(Data segment):

———

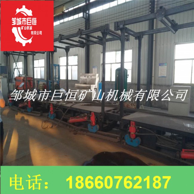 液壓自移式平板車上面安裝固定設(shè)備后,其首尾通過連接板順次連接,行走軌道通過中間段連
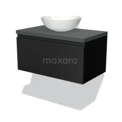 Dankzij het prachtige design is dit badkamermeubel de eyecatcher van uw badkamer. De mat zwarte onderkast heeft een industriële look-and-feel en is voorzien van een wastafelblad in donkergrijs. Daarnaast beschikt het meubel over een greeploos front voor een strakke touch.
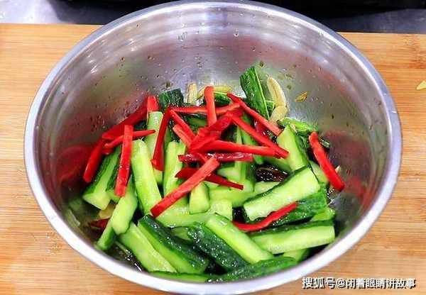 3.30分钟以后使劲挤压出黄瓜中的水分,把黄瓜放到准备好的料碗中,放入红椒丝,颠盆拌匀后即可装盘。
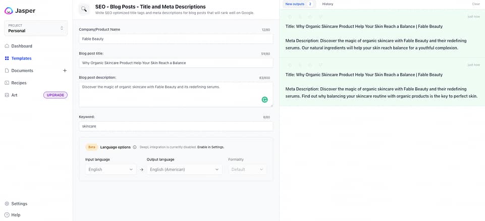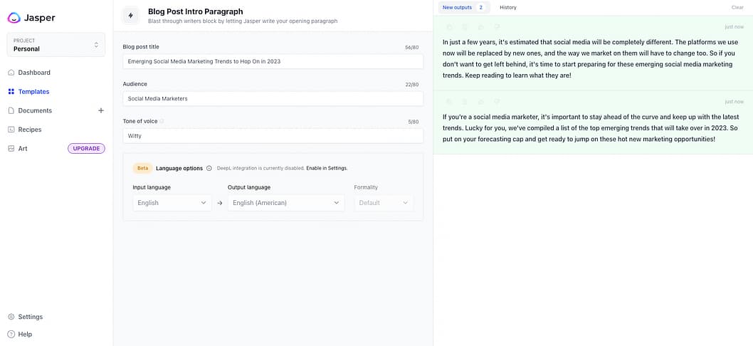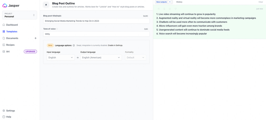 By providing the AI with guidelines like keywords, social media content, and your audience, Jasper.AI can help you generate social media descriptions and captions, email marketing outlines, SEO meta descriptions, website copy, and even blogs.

———

(What you need to do):
Take the lines from the start of the listing above through the line with "3.30分钟以后使劲挤压出黄", both ends included, and copy them exactly, leaving the pictures behind.

(Answer section):
 液壓自移式平板車上面安裝固定設(shè)備后,其首尾通過連接板順次連接,行走軌道通過中間段連
 Dankzij het prachtige design is dit badkamermeubel de eyecatcher van uw badkamer. De mat zwarte onderkast heeft een industriële look-and-feel en is voorzien van een wastafelblad in donkergrijs. Daarnaast beschikt het meubel over een greeploos front voor een strakke touch.
 3.30分钟以后使劲挤压出黄瓜中的水分,把黄瓜放到准备好的料碗中,放入红椒丝,颠盆拌匀后即可装盘。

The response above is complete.